§ MATERIAL PROVIDED
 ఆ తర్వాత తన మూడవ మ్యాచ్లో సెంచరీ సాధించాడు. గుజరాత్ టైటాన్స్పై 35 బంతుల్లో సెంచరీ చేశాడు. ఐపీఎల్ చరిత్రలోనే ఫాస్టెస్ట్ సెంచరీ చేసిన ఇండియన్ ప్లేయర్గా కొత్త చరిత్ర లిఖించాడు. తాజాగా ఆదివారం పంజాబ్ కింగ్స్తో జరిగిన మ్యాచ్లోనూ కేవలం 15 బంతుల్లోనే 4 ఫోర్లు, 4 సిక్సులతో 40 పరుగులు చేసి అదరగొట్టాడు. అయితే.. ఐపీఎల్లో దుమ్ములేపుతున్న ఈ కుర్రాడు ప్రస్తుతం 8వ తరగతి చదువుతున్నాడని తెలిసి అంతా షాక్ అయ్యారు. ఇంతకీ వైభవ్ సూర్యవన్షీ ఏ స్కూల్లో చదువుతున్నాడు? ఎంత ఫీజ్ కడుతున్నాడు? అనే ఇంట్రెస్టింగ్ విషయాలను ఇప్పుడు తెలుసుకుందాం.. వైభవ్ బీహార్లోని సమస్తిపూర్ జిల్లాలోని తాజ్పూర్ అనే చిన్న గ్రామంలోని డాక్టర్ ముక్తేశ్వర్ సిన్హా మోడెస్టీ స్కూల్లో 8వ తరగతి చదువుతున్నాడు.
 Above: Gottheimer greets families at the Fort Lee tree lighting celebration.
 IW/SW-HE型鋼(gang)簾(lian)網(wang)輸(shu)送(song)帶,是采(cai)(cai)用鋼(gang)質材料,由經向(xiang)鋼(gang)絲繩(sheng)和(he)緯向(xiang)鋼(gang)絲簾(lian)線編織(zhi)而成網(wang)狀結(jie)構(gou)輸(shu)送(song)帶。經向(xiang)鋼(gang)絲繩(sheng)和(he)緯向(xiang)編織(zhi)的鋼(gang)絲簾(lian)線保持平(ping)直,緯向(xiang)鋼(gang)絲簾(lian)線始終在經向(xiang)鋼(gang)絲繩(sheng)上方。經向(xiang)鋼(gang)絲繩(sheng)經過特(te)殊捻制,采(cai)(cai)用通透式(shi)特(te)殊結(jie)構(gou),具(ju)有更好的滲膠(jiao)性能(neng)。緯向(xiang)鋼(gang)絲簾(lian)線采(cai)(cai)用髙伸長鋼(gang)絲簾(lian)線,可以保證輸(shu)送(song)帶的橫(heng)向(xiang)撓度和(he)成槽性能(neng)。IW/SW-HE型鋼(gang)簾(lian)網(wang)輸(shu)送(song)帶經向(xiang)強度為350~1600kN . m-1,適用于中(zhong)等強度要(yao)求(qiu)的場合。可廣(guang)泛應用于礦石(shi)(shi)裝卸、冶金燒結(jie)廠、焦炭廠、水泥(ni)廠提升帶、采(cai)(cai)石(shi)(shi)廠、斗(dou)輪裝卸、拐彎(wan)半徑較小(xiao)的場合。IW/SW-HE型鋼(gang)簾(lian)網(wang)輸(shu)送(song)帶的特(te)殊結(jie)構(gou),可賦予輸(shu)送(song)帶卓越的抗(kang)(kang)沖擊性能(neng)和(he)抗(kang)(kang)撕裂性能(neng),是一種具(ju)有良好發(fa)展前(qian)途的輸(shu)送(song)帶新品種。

§ TASK TO COMPLETE
Starting with the first line of the listing above and ending with the line that holds "Above: Gottheimer greets", return those lines exactly as written, both included.

§ WRITTEN SOLUTION
 ఆ తర్వాత తన మూడవ మ్యాచ్లో సెంచరీ సాధించాడు. గుజరాత్ టైటాన్స్పై 35 బంతుల్లో సెంచరీ చేశాడు. ఐపీఎల్ చరిత్రలోనే ఫాస్టెస్ట్ సెంచరీ చేసిన ఇండియన్ ప్లేయర్గా కొత్త చరిత్ర లిఖించాడు. తాజాగా ఆదివారం పంజాబ్ కింగ్స్తో జరిగిన మ్యాచ్లోనూ కేవలం 15 బంతుల్లోనే 4 ఫోర్లు, 4 సిక్సులతో 40 పరుగులు చేసి అదరగొట్టాడు. అయితే.. ఐపీఎల్లో దుమ్ములేపుతున్న ఈ కుర్రాడు ప్రస్తుతం 8వ తరగతి చదువుతున్నాడని తెలిసి అంతా షాక్ అయ్యారు. ఇంతకీ వైభవ్ సూర్యవన్షీ ఏ స్కూల్లో చదువుతున్నాడు? ఎంత ఫీజ్ కడుతున్నాడు? అనే ఇంట్రెస్టింగ్ విషయాలను ఇప్పుడు తెలుసుకుందాం.. వైభవ్ బీహార్లోని సమస్తిపూర్ జిల్లాలోని తాజ్పూర్ అనే చిన్న గ్రామంలోని డాక్టర్ ముక్తేశ్వర్ సిన్హా మోడెస్టీ స్కూల్లో 8వ తరగతి చదువుతున్నాడు.
 Above: Gottheimer greets families at the Fort Lee tree lighting celebration.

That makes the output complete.